Screening procedures
Seventeen different instruments were used at baseline to measure depressive symptoms or disorders. The Center for Epidemiologic Studies-Depression Scale (CES-D) [72] and various versions of the General Health Questionnaire (GHQ) [73] were the most commonly used screening instruments (Table 1).
Comorbidity measures
The majority of studies also measured co-morbid psychiatric symptoms or disorders, mainly anxiety related. Only six examined physical co-morbidities or days out of role [38, 44, 48, 54, 67, 69]. Grembowski et al. [51] reported measuring 21 co-morbid conditions, however these conditions were not reported.
Treatment and health service use
Only one study did not report on the care received by patients [59]. Two of the sixteen studies that report collecting data on health service use did not report the findings [38, 61]. While Kessler et al. [61] reviewed medical records, their purpose was to determine point recognition and validate mental disorders given in the context of an associated physical disorder, not to examine care received. Rost et al. [38] examined medical, pharmaceutical and insurance records to determine the detected and undetected depression during follow-up. Five studies examined medication use [44, 48, 63, 68, 69] and two presented data on the use of antidepressant medication [51, 67]. Seven studies examined health care/service utilization [44, 49, 54, 63, 66, 67, 69] and one described use of and referral to mental health specialists [51]. Parker et al. [68] examined GP and psychiatric care, and four studies examined GP treatment [37, 45, 63, 64]. The MaGPie Research Group [63] also examined barriers to care and patients' attitudes to their GP. Seven studies asked patients to self report on the care they received between baseline and follow-up [37, 44, 51, 54, 63, 66, 69], four studies asked the primary care physician to report on care [43, 49, 63, 64] and eight reviewed medical records, chart evidence, insurance records and/or pharmaceutical records [37, 38, 45, 48, 51, 63, 66, 67] [results not mutually exclusive]. Parker et al. [68] collected data on medication, GP and psychiatric care during follow-up, however they did not report whether the data were patient self-report, physician report or a review of records.
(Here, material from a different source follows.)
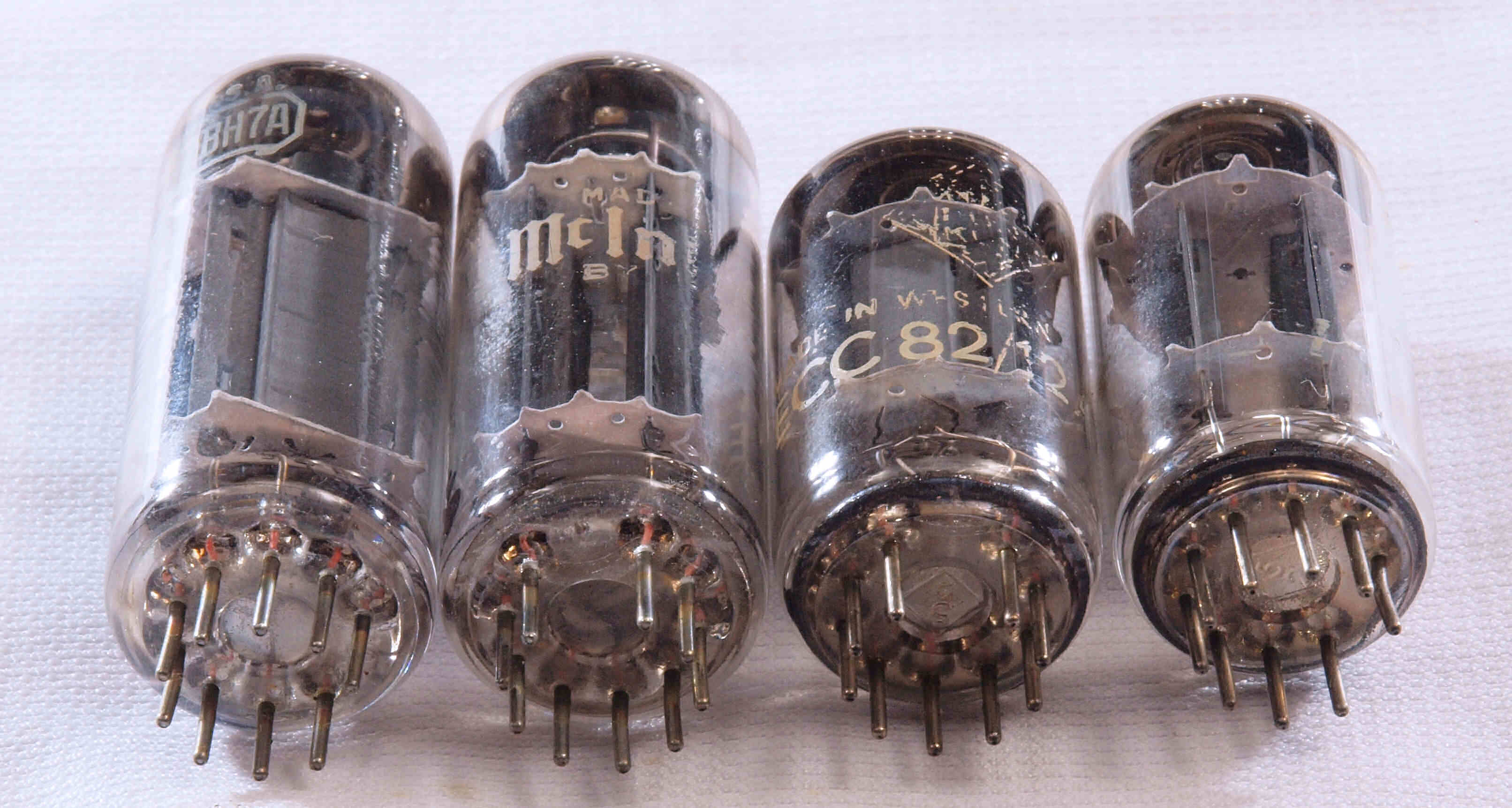 | 付属真空管、左から「12BH7」1本目、2本目。 「12AU7(ECC82)」1本目、2本目。 | ||||||||||||||||||||||||

Methodological quality of the studies included in the review
Many of the studies have methodological limitations, including small sample sizes (range 35–108 patients at baseline and 20–59 patients at follow-up) [48, 49, 67, 68] and small numbers in the cohort with depression [35, 66]. Furthermore, Schulberg et al. [66] was the only study to consider characteristics of the sample screened with the primary care population to determine whether the study patients were representative. No study randomly selected general practices and then approached a random selection of their patient list to avoid the frequency of attendance bias present in studies recruiting consecutive patients. Previous research has highlighted that a high proportion of eligible patients are missed when recruiting patients from general practice waiting rooms, thus limiting the generalisability of the findings [74]. Moreover, only three studies included a random or representative sample of primary care physicians [43, 63, 64], and seven studies recruited patients from just one centre or general practice [37, 45, 48, 54, 59, 61, 66]. These methodological limitations must be acknowledged when considering whether findings from the studies included in this review can be generalised to primary care populations.
Representativeness of samples to the primary care population
Only one study was able to compare characteristics of the sample screened with the primary care population [66]. Schulberg et al. [66] compared their cohort of patients with depressive symptoms with the total clinic population and noted the cohort was younger and had more females than would be expected from the medical facilities where the research took place. Rost et al. [38] compared patients who agreed to take part in the baseline interview with those patients who were eligible but refused, and reported no differences in socio-demographic data and clinical characteristics including the severity of depression, except that the cohort were younger and more likely to live in metropolitan areas.
Between 62%–91% of patients were retained in the studies at 12 months, and 67%–93% at six months (Table 1). However, as some cohorts included asymptomatic patients [45, 54, 61, 63, 69], the power of some studies to determine predictors of depression outcomes is limited.
Course of depression
History and duration
Limosin et al. [43] reported that the current episode of depression was not the first for 38% of the patients in their study. In that study, the average number of previous depressive episodes was 2.1 (SD 1.7 episodes; range 1–12) and the average time reported between the first and current depressive episode was 5.9 years (SD 5.8 years; range 0.5 to 30 years).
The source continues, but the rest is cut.